Mexican Secretary of Economy Ildefonso Guajardo Villarreal criticized the idea in a statement issued June 5. “Mexico has been clear, and Canada has been clear, the main interest is to maintain an agreement that has been highly productive for the integration of North America. We believe that there would be a loss of value if this agreement ceased to be what it is and what we want it to remain: a trilateral integration in the continent.”

Senate Finance Committee Chairman Orrin Hatch, R-Utah, also panned the idea in a tweet. "Now is the time to stay the course and work with our trading partners to find a path forward on an updated NAFTA that will meet the high standards of bipartisan TPA [trade promotion authority] and gain the support of Congress," he said.

A top Chamber of Commerce official dismissed the idea.

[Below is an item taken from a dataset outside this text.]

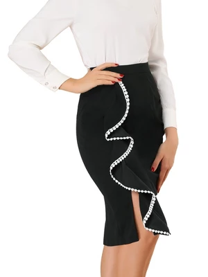 Designed with a split hem, the skirt from Allegra K is smart yet flattering. Falling just below the knee, the skirt is easily teamed with a tucked-in blouse and court shoes for a polished look. Upgrade your workwear collection with this skirt from Allegra K. Crafted from a soft fabric, the timeless fitcreates a form-flattering profile with feminine charm. This flattering skirt falls just below the knee for understated style and wears well with anything from fine knits to fitted blouses. Make a statement in the office with this elegantly fitted skirt from Allegra K. This piece hugs the body and finishes just below the knee to create a feminine silhouette. It features frill detailing at the side, adding to its elegant charm. Pair it with statement heels and a draping blouse to complete this polished look.
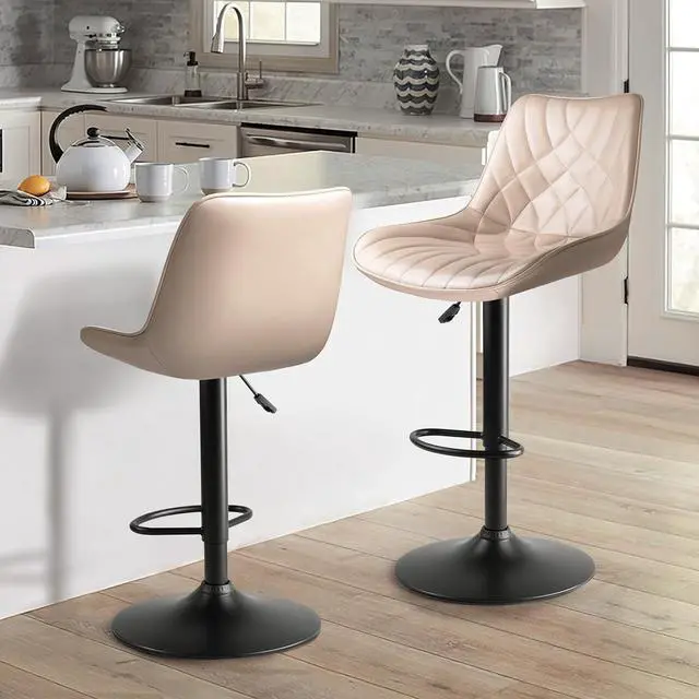 ADJUSTABLE HEIGHT & 360 SWIVELThe barstool can be steplessly and smoothly adjusted in height from 25.4 '' to 33.2 '', by simply lifting the lever under the seat with ease. The 360-degree swivel seat of the kitchen stool allows you to chat with your friends more freely.

Senior Vice President for International Policy John Murphy tweeted, "The impediments to concluding the negotiations lie in US 'poison pill' proposals to (1) make compliance with dispute settlement panels voluntary, (2) introduce a sunset clause, (3) eliminate investor-state dispute settlement, and (4) gut procurement rules, among others. Both Canada and Mexico oppose these 'poison pills.' So do Congress and the U.S. business and agriculture communities. Negotiating two bilateral trade pacts won’t fix change those realities."